McMahon, who is serving a life sentence in state prison, is now
contending through his attorney Greg Henry that the attorney who
represented him at his November 2001 trial was ineffective in that
he did not raise the issue of intoxication as a partial
defense.
Under Pennsylvania law, a crime that might be first-degree
murder can be deemed third-degree if it can be shown that the
perpetrator was so intoxicated at the time of his action that he
was unable to specifically form the intent to kill.
At Tuesday’s proceeding, Dennis Luttenauer, the attorney who
represented McMahon at the trial, testified several times that
McMahon himself had said that he was not so drunk that he did not
know what he was doing and that he stabbed Dowell because Dowell
had unexpectedly assaulted him in the barroom of the Bradford
Hotel.
“He told me it wasn’t the alcohol … that he had a pretty good
buzz, but he was not really drunk,” Luttenauer said under Henry’s
questioning.
The defense attorney went on to say that it was his
understanding of the law that for voluntary intoxication to be a
defense, the person’s faculties had to be “totally overwhelmed,”
adding that McMahon had said before the trial he was not that
drunk, and that it was solely the assault that precipitated the
stabbing.
The morning was spent in questioning of Sherry DelCamp, who
testified that McMahon had picked her up about 9 or 9:30 on the
morning of the killing and had taken her to his home, where they
and others had drunk beer and Mad Dog until about 1 p.m.
Henry introduced two 750 milliliter bottles of the fruity drink,
which is labeled “13 percent alcohol.”
DelCamp said that all four people there had tasted the Mad Dog,
but that McMahon had drunk most of it, then driving them to the
Bradford Hotel, where he drank rum and coke, “sucking them down
like water” until about 5:30, when he had driven her to her
mothers’ to pick up her children and take them to her grandparents’
because her mother had had enough of them.
DelCamp said that McMahon drove too fast and she had scolded
him.
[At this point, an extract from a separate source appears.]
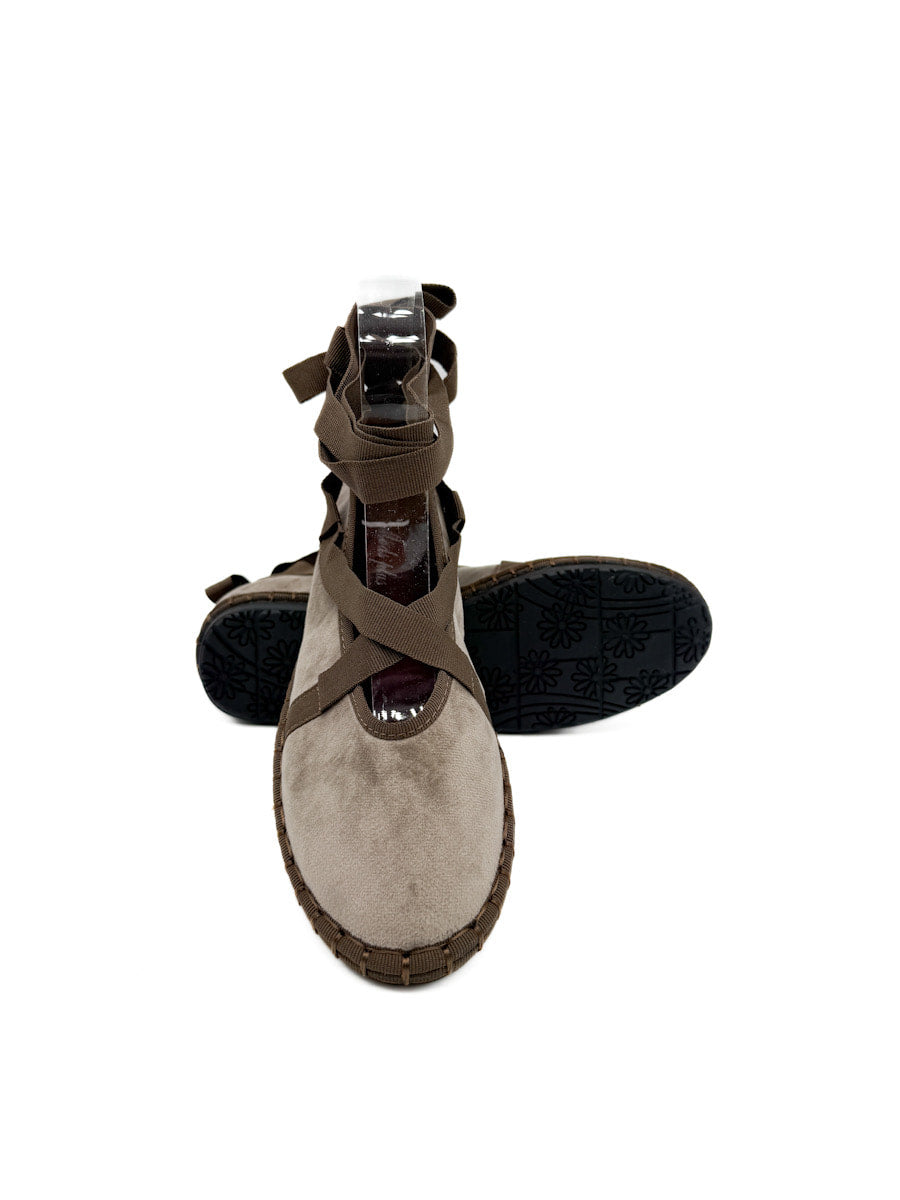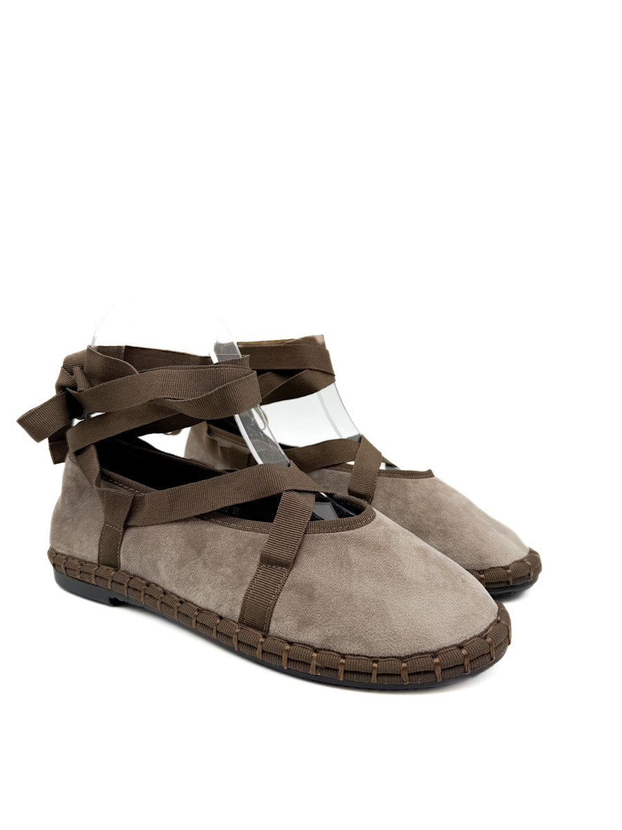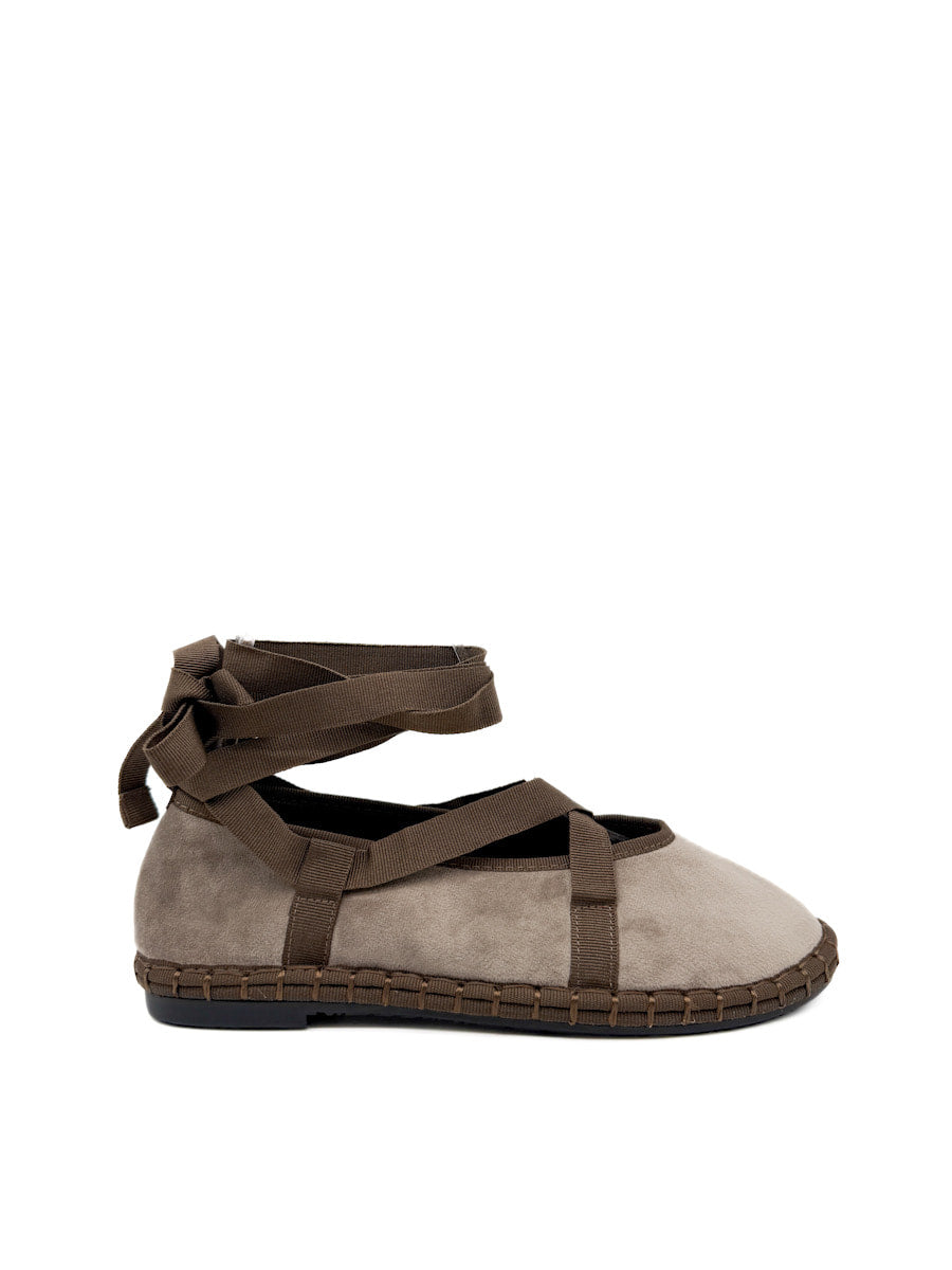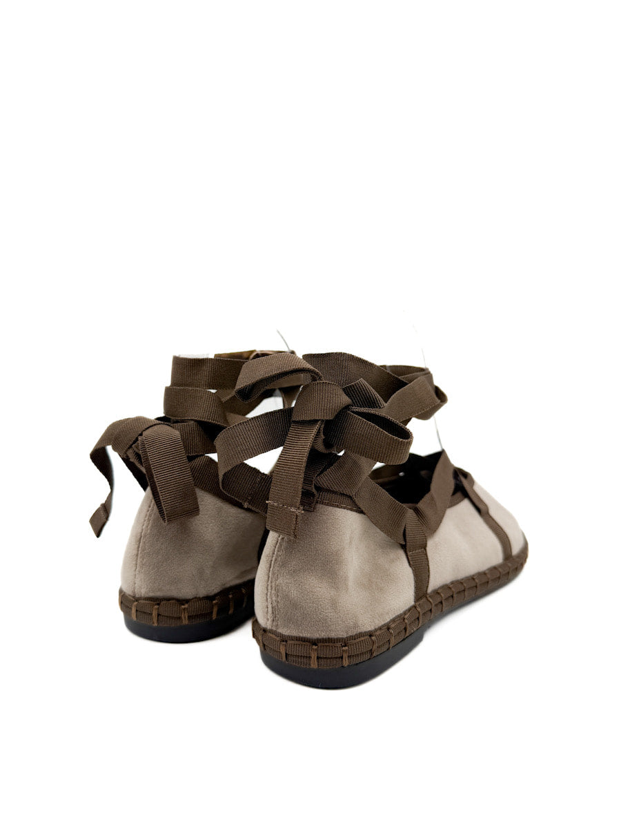 Bailarinas de Terciopelo Tira Cruzadas Con Cinta Atada Kahki

They then went to the Riddle House, where McMahon drank more,
and then back to the Bradford Hotel where the fight and subsequent
stabbing occurred.
She admitted that she was intoxicated, and said that the whole
group were “staggering” and that McMahon had fallen over some
barstools on his way to the restroom.
District Attorney John Pavlock questioned her intensively on why
she had never mentioned at the trial that McMahon was intoxicated,
although she had said that of one other person in the party.
He also noted several other inconsistencies between her present
story and what she said at the trial, but she answered that she “…
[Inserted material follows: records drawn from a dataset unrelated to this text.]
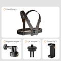 GP-032 Actioncamera-borstbandset - magnetische snelkoppelingsbasis, 1/4" mini-adapter en telefoonclip voor POV-opnames
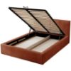 Łóżko Inez posiada funkcjonalny schowek na pościel, co pozwala na wygodne przechowywanie zapasowych kołder, poduszek czy koców. Dwa przestronne pojemniki o wymiarach 79x198 cm są dostępne dzięki gazowemu podnośnikowi, który umożliwia łatwe podnoszenie stelaża. Rozwiązanie to sprawia, że łóżko jest nie tylko wygodne, ale także praktyczne, pomagając w utrzymaniu porządku w sypialni.
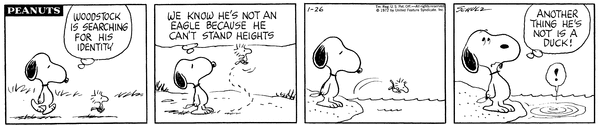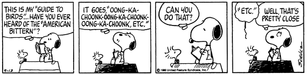 Snoopy has often wondered what type of bird Woodstock is. In a series of strips from September and October 1980, Snoopy attempts to identify him using his Guide to Birds. The birds which Snoopy suggests and Woodstock attempts to imitate are: crow, American bittern, Caroline wren, rufous-sided towhee, yellow-billed cuckoo, Canada goose, warbler, and a mourning warbler. Snoopy finally gives up trying to figure it out in the strip from October 11, 1980, and hurts Woodstock's feelings by saying, "For all I know, you're a duck". Snoopy takes it back with a quick hug, at which point it becomes clear that it does not matter what type of bird Woodstock is; the only important fact is that he is Snoopy's best friend.
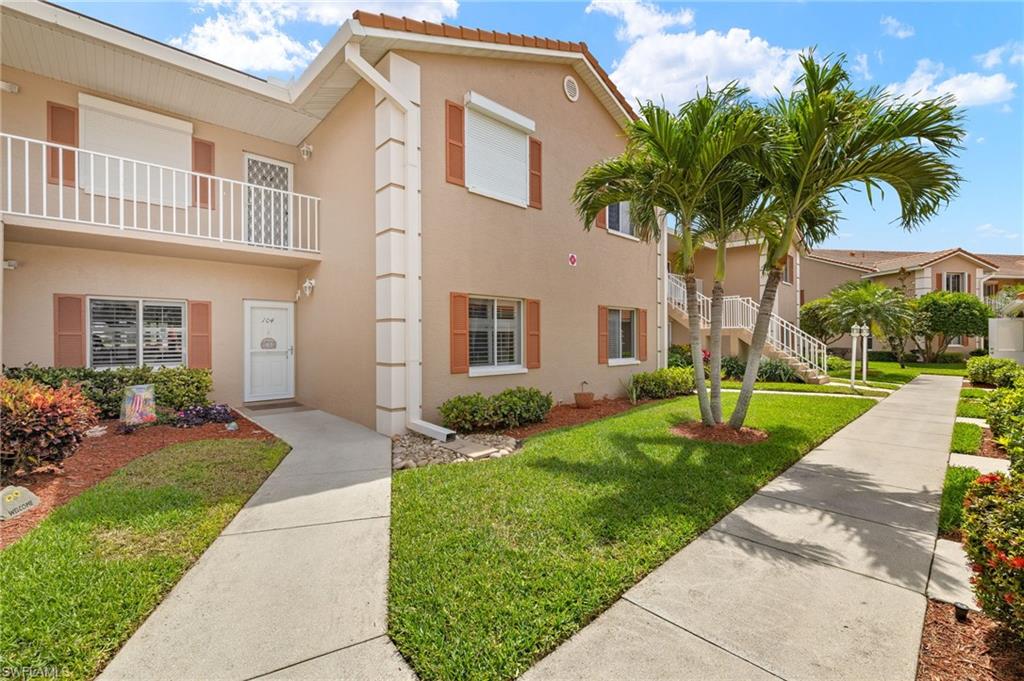 FULL GOLF MEMBERSHIP INCLUDED with this pristine 2/2 1st floor renovated golf course property in central Naples. This spacious 1,330 sq. ft. first-floor condo offers effortless living with stunning panoramic golf course views and a preferred southern exposure. The sought-after Hampton model boasts an open-concept living area, high ceilings and tall doors creating an airy and inviting atmosphere. This home boasts new LVP in the main living salon, updated paint throughout and 15k in all electric storm shutters on all windows for peace of mind. Enjoy the added bonus of a private storage unit perfect for keeping your golf clubs, bikes, beach chairs and tennis rackets organized. A **covered, deeded parking spot** (#21) ensures easy access and protection for your vehicle. Take a refreshing dip in the community pool or visit The Divot for a full fitness center, bocce courts and casual dining for breakfast and lunch. The clubhouse features a restaurant, bar, billiards, library, card rooms, fire pit and social events. Har-Tru tennis courts with lights provide the perfect setting for an evening match. Located in a prime spot, this home is just minutes from shopping, dining, and entertainment, with easy access to Olde Naples, the white sand beaches, art galleries and theaters—only four miles away! Whether you're looking for a full-time residence, seasonal getaway or an investment property with great rental potential this condo offers unbeatable value and a lifestyle of convenience and leisure. Schedule your showing today!
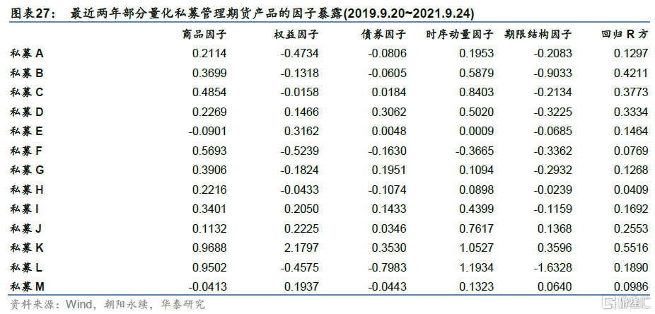 我們選取最近兩年管理期貨產品收益較高的部分量化私募管理人,計算其產品的因子暴露。可知大部分管理人在商品因子上有正暴露,近兩年商品市場的良好表現爲這些管理人貢獻了一定收益。此外大部分管理人在時序動量因子上有正暴露,在其他因子上的暴露方向有一定差異。
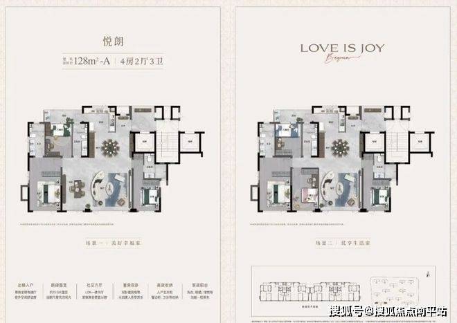 最让人惊叹的,莫过于其超 120% 的得房率,堪称楼市 “空间魔术师”。建面约 128㎡的户型,竟做出 4 房 2 厅 3 卫的全能格局,实得面积超 156㎡,堪比老规 180㎡大平层。15.6 米南向巨幕面宽,让阳光毫无保留地铺满全屋,清风自由穿梭每个角落。更难得的是三个全明卫生间,彻底终结早晚洗漱 “抢坑” 大战,客人来访也能保有私密体面,这样的配置,以往只有 160-180㎡以上户型才能奢望。
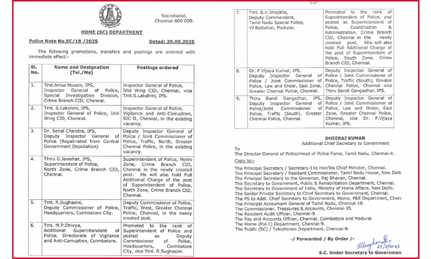 * கோவை காவல் தலைமையக துணை ஆணையராக திவ்யா, பதவி உயர்வு பெற்ற சஜிதா சென்னை சிபிசிஐடி எஸ்.பி.யாக நியமனம் செய்யப்பட்டுள்ளனர்.
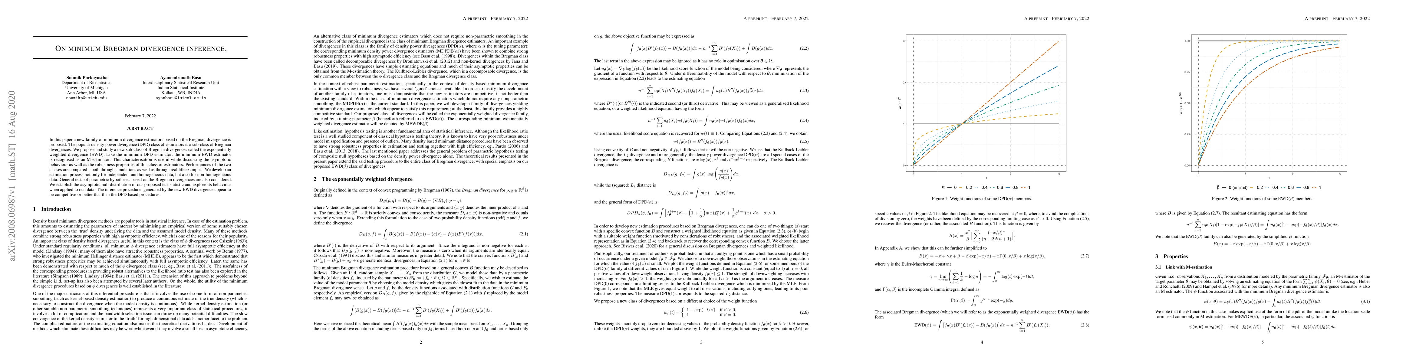 In this paper a new family of minimum divergence estimators based on the Bregman divergence is proposed. The popular density power divergence (DPD) class of estimators is a sub-class of Bregman divergences. We propose and study a new sub-class of Bregman divergences called the exponentially weighted divergence (EWD). Like the minimum DPD estimator, the minimum EWD estimator is recognised as an M-estimator. This characterisation is useful while discussing the asymptotic behaviour as well as the robustness properties of this class of estimators. Performances of the two classes are compared -- both through simulations as well as through real life examples. We develop an estimation process not only for independent and homogeneous data, but also for non-homogeneous data. General tests of parametric hypotheses based on the Bregman divergences are also considered. We establish the asymptotic null distribution of our proposed test statistic and explore its behaviour when applied to real data. The inference procedures generated by the new EWD divergence appear to be competitive or better that than the DPD based procedures.

is not as nervous now” as she was then.
Pavlock also pointed out that, although she now says McMahon was
drunk, she let her children ride in a car he was driving that
day.
DelCamp several times showed impatience with Pavlock’s
questions, and under redirect questioning by Henry, said she never
said anything about McMahon’s alleged intoxication because no one
had asked her.
With Luttenauer on the stand, Henry pressed him as to why he had
not pursued the intoxication defense, even though he had mentioned
in a letter to a private investigator that the issue might be
important.
While Luttenauer repeated that McMahon insisted he was not truly
drunk, Henry hammered at Luttenauer that he had other information
on how much McMahon had drunk and that he should have realized
McMahon was in denial and not admitting how much he had consumed or
how drunk he was.
When Judge John Cleland broke in with “Are you trying to impeach
your own client?” Henry replied quickly, “You betcha!”
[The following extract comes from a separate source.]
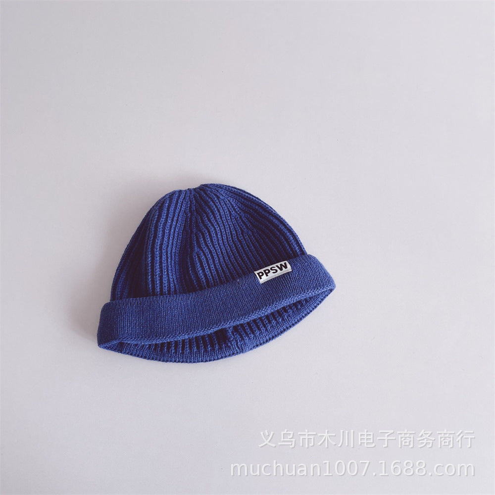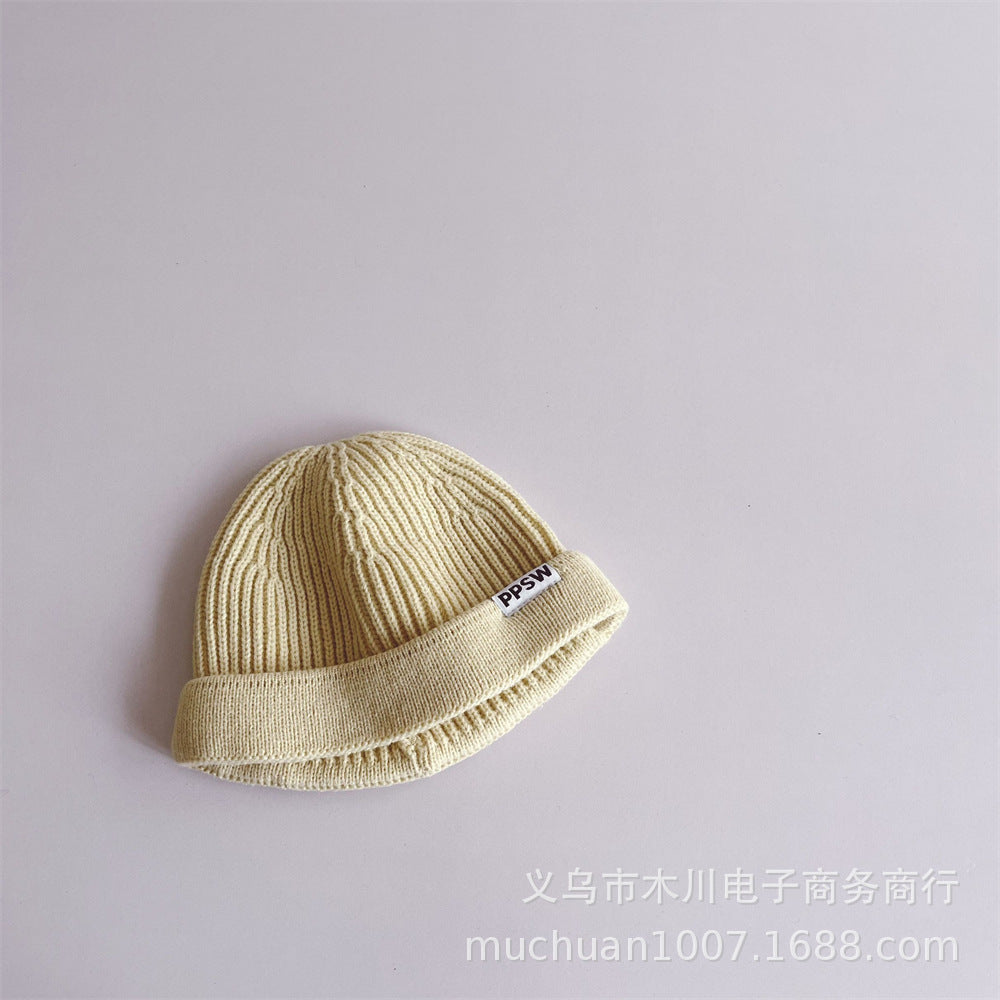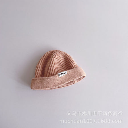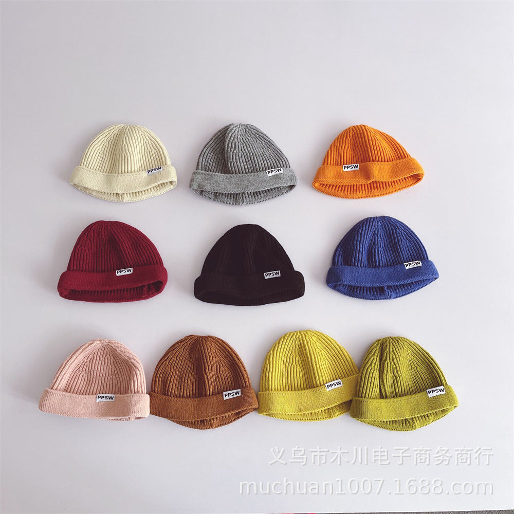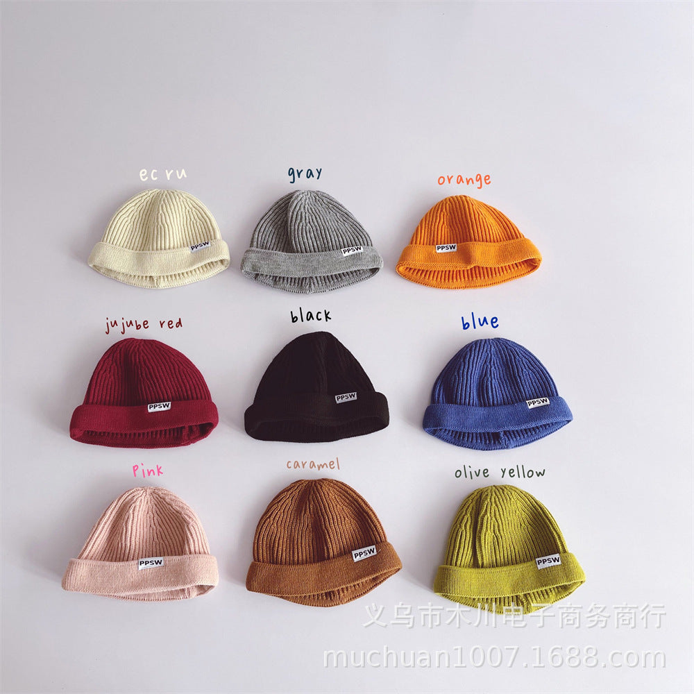 Kids’ Japanese-Style Knitted Melon Hat – Solid Color Wool Dome Beanie

Luttenauer maintained that the only things that he had heard
significantly different from what McMahon had told him is “what I
heard from DelCamp this morning.”
He told Henry that his not using the intoxication defense had
not been a strategy, but that he come because he had no evidence
that McMahon was severely intoxicated.
The hearing broke off abruptly at the request of the district
attorney, and will be resumed at an unspecified date.